How Luge Works

The Training
A member of the USA Luge team works on his form in the Allied Aerospace Low Speed Wind Tunnel.
A member of the USA Luge team works on his form in the Allied Aerospace Low Speed Wind Tunnel.

The start is the most important part of the race. It's the time when the slider is most in control, so his or her training can have the greatest affect on the outcome. Luge athletes build tremendous upper body strength for the start, when they'll propel themselves, their sled and any extra weights onto the course. Hand strength is also required for the start, when the slider paddles as quickly as possible for the first several feet of the course. Since a slider's body faces up to 5 g's during a run, he must be in overall excellent physical and mental condition to manage the 50-second attack on his body and his focus.

In the summer months, luge athletes train hard to build upper body muscles through swimming, weight training and calisthenics. In the winter months, typical luge training includes practice runs every day. Sometimes, they'll practice only starts, developing strength, agility and technique. While the athletes are doing practice runs and starts, coaches are analyzing it all using footage from digital cameras and camcorders, specialized software and prior reports from athletes about what they're feeling on the course. Luge coaches have a deep understanding of sleds and luge physics, and they use the information they gather to make tiny adjustments to the sleds to maximize speed and control for each slider.

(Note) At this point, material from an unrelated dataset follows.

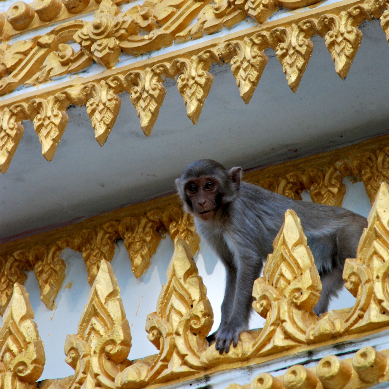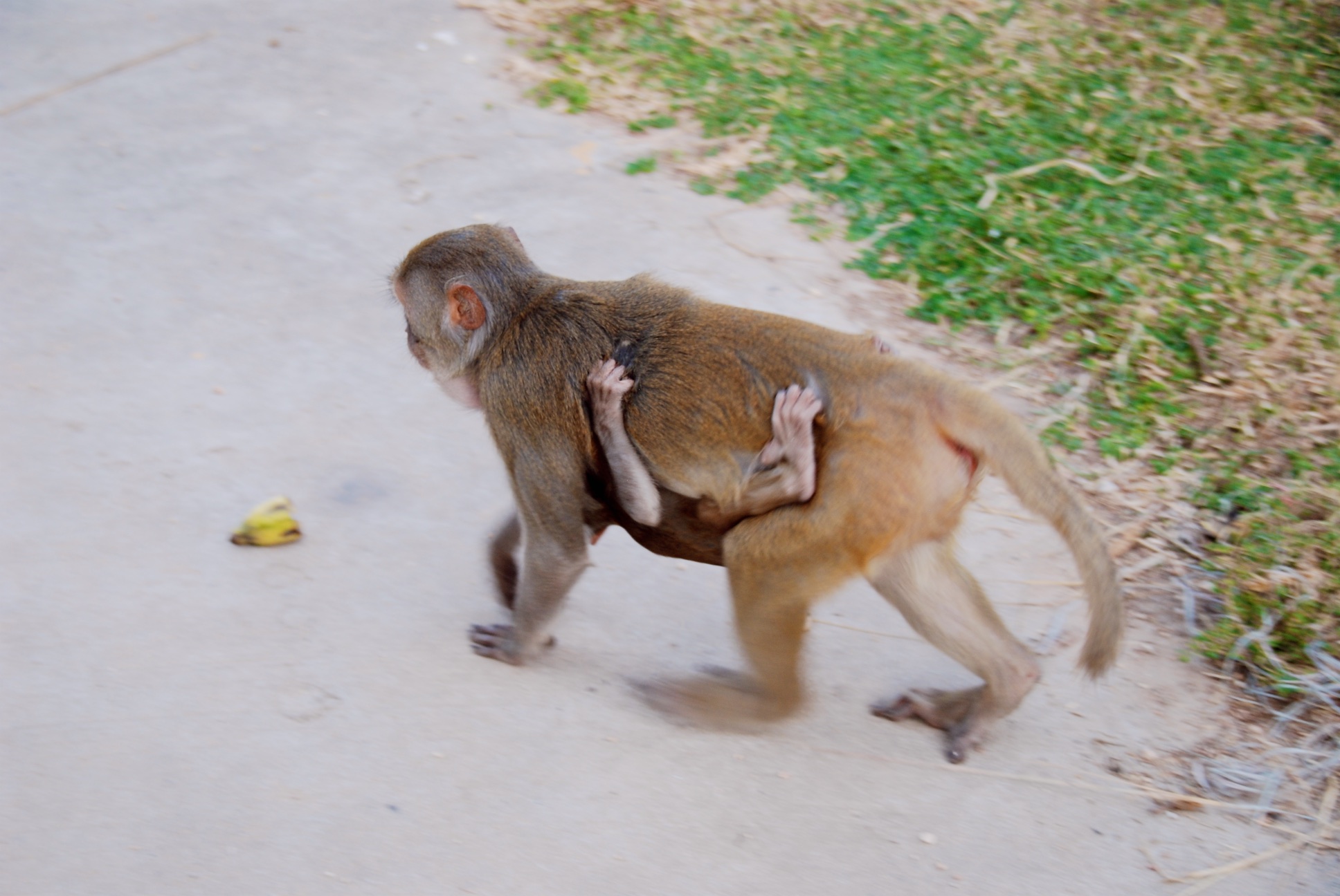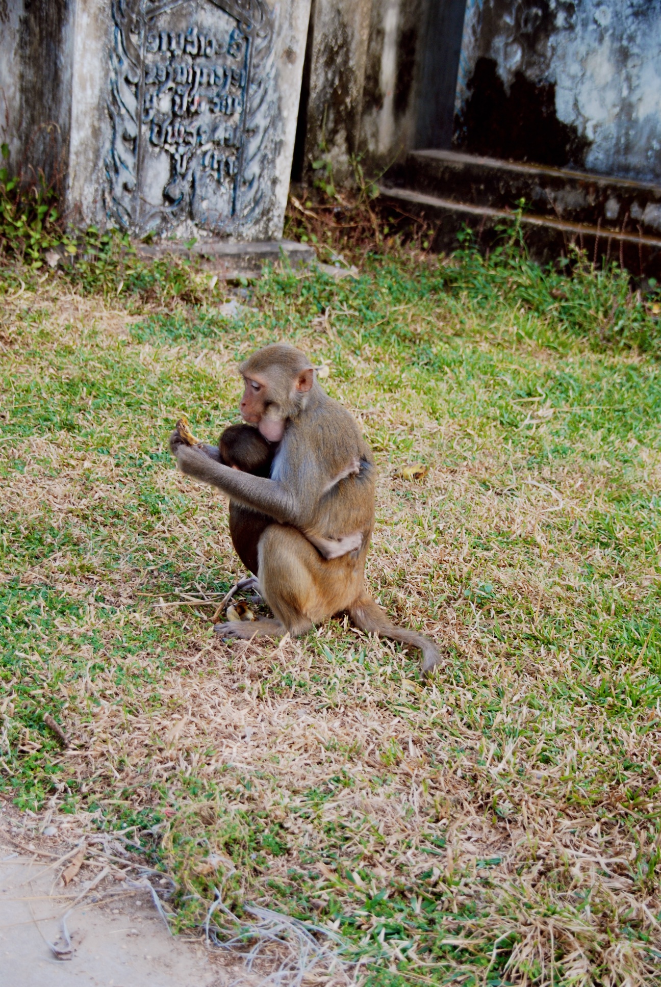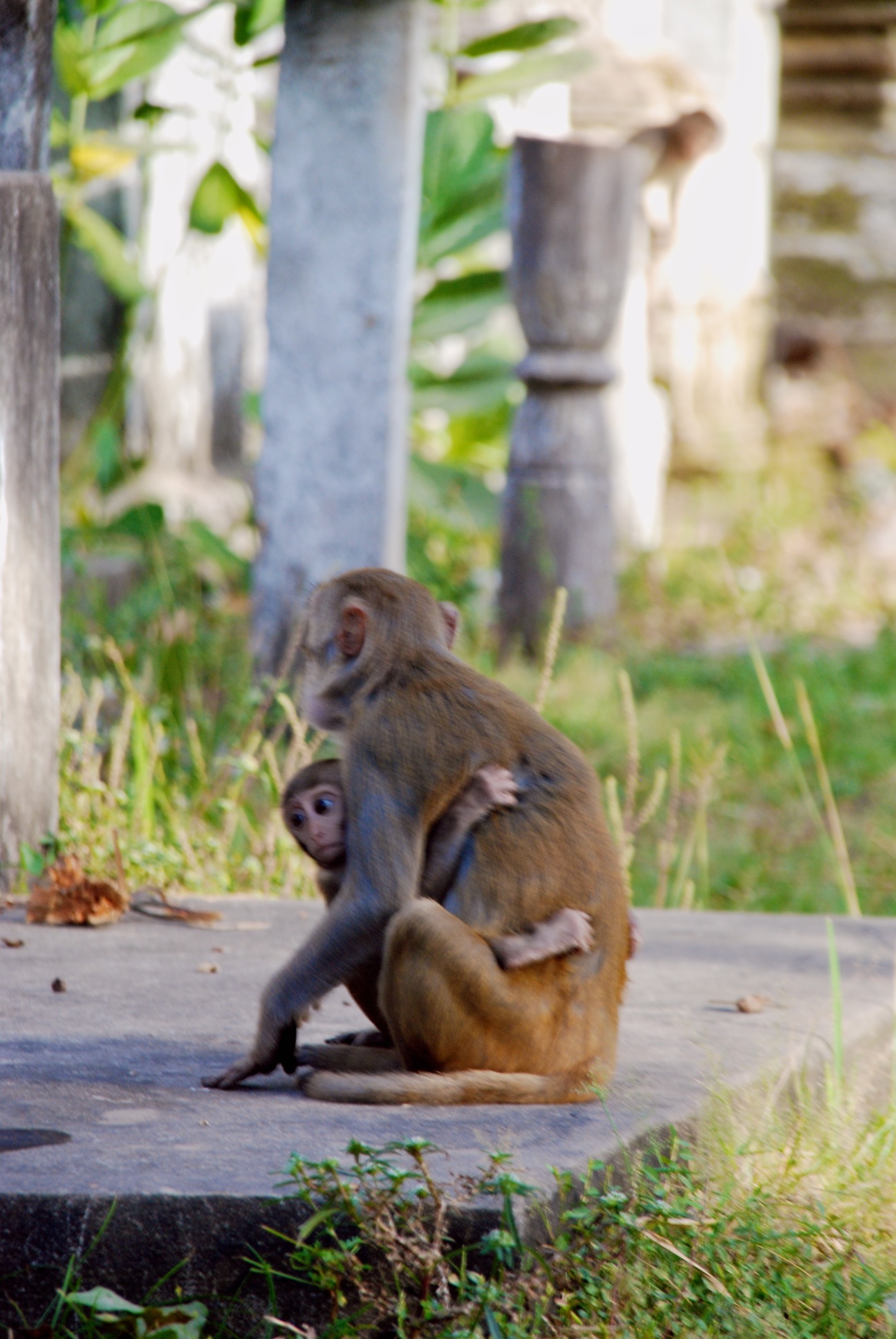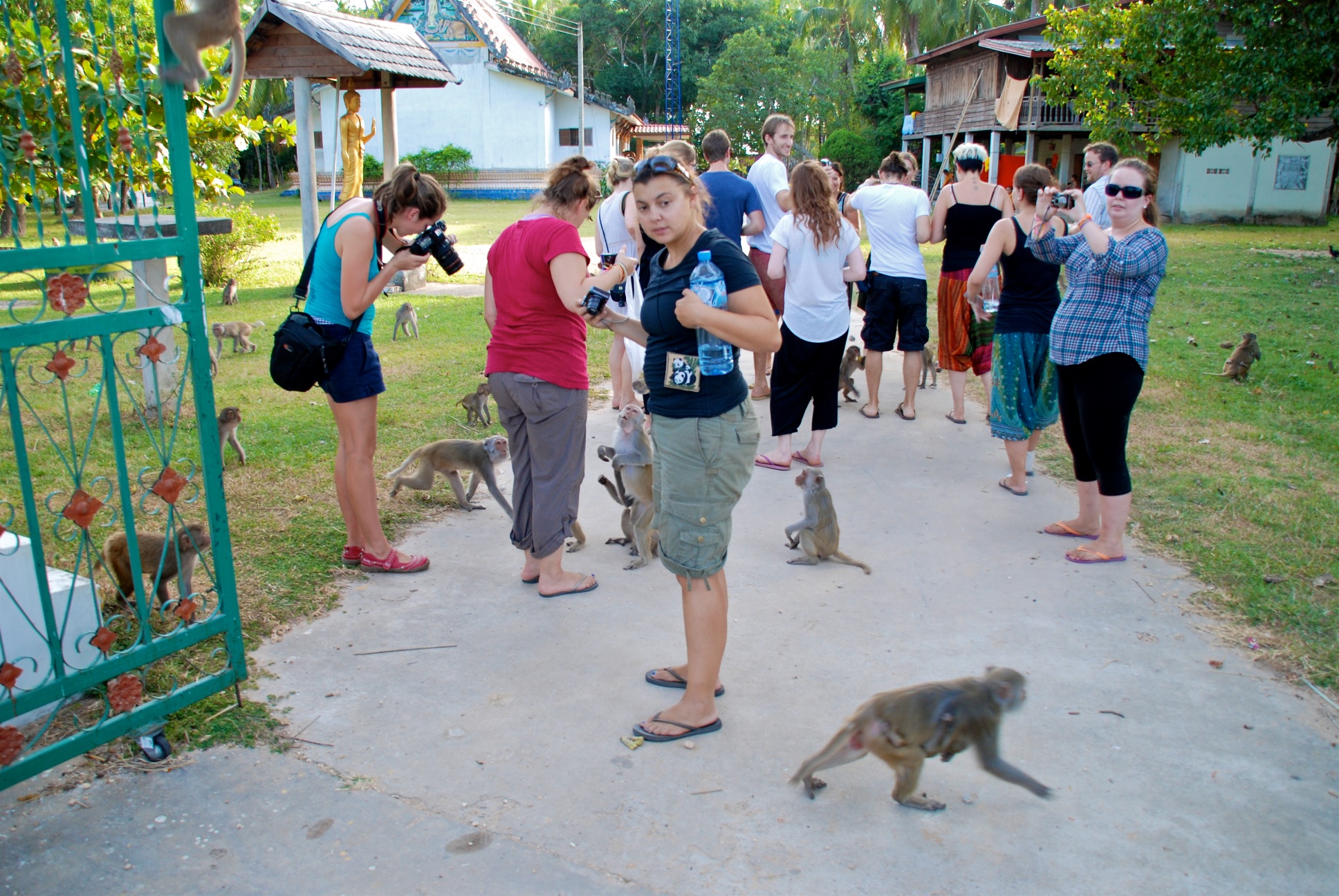 Vor dem Abendessen haben wir noch einen Spaziergang zum örtlichen Tempel gemacht, der außer von Mönchen auch noch von einer Horde Tempelaffen bewohnt wird. Für diese waren die morgens erworbenen Bananen gedacht. Ich habe mich allerdings zurückgehalten, weil ich keine Lust hatte, von einem übereifrigen Affen gebissen oder gekratzt zu werden. Dafür habe ich umso mehr fotografiert. Zum Tempel war uns eine ganze Schar Kinder gefolgt, die es wieder unwahrscheinlich lustig fanden, sich fotografieren zu lassen und anschließend ihr eigenes Gesicht auf dem Display zu sehen.

The training technology for the U.S. luge team includes:

  • Digital camcorders to record each run from start to finish
  • Six digital cameras placed at intervals on the track
  • Laptop computers
  • Dartfish sports-analyzing software

Luge training also involves sessions in wind tunnels, during which athletes figure out the form that achieves minimum aerodynamic drag. Monitors above the slider's head and at his feet display a number that represents the amount of drag he's experiencing. During the session, with wind blowing over and against him at 90 mph, the athlete makes minute adjustments to his position to lower the drag number.

Training for luge is about strength and precision, but a slider has to have a certain temperament, too. In a CBC interview, Chris Moffat of the Canadian Luge Team explains, "The fastest people are the people that are out of control. It's the fact that you're not always in control that's nice." In luge, adrenaline junkies win.